TO DO: Output the data verbatim, minus the images.

DATA SEGMENT:

§ §

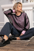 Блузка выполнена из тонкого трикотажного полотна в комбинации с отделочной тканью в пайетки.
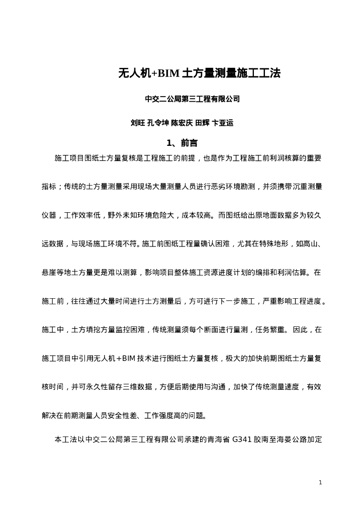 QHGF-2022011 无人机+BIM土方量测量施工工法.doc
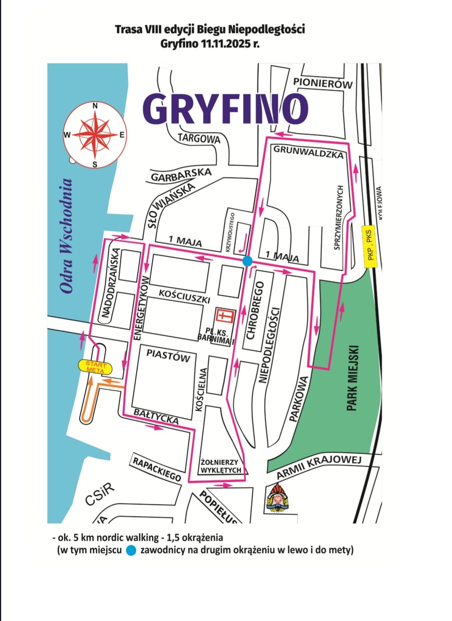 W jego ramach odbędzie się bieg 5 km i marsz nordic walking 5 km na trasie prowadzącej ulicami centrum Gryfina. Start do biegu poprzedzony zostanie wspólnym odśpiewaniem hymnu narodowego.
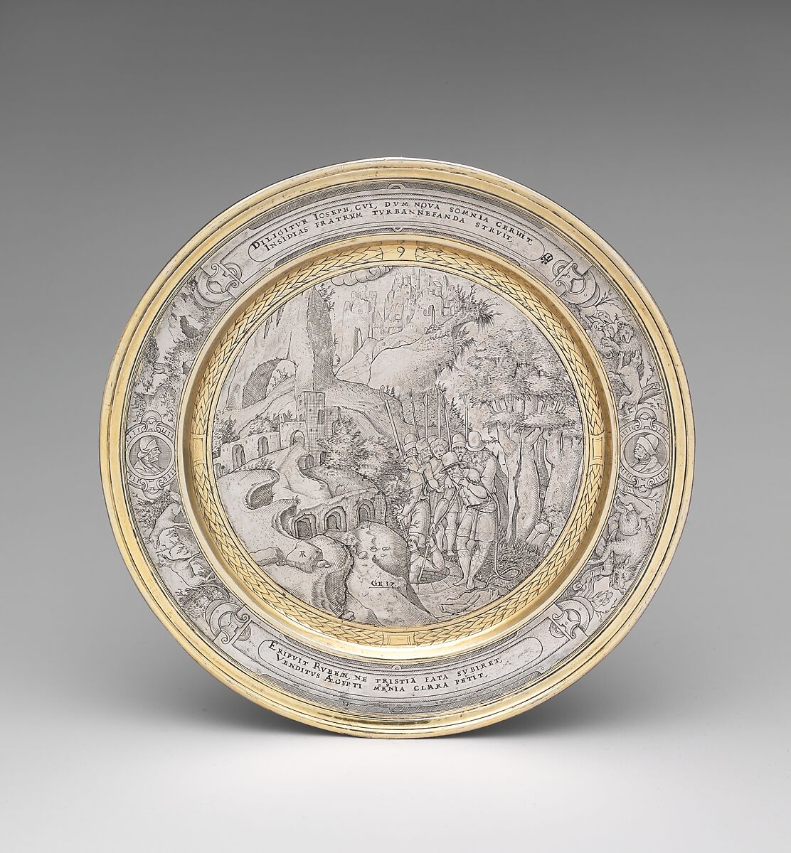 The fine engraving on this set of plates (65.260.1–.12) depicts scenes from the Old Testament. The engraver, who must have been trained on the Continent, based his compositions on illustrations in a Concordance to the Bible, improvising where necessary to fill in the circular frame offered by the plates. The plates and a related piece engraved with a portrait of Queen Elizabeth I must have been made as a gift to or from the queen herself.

§ §

REPLY TO THE EXERCISE:
 Блузка выполнена из тонкого трикотажного полотна в комбинации с отделочной тканью в пайетки.
 QHGF-2022011 无人机+BIM土方量测量施工工法.doc
 W jego ramach odbędzie się bieg 5 km i marsz nordic walking 5 km na trasie prowadzącej ulicami centrum Gryfina. Start do biegu poprzedzony zostanie wspólnym odśpiewaniem hymnu narodowego.
 The fine engraving on this set of plates (65.260.1–.12) depicts scenes from the Old Testament. The engraver, who must have been trained on the Continent, based his compositions on illustrations in a Concordance to the Bible, improvising where necessary to fill in the circular frame offered by the plates. The plates and a related piece engraved with a portrait of Queen Elizabeth I must have been made as a gift to or from the queen herself.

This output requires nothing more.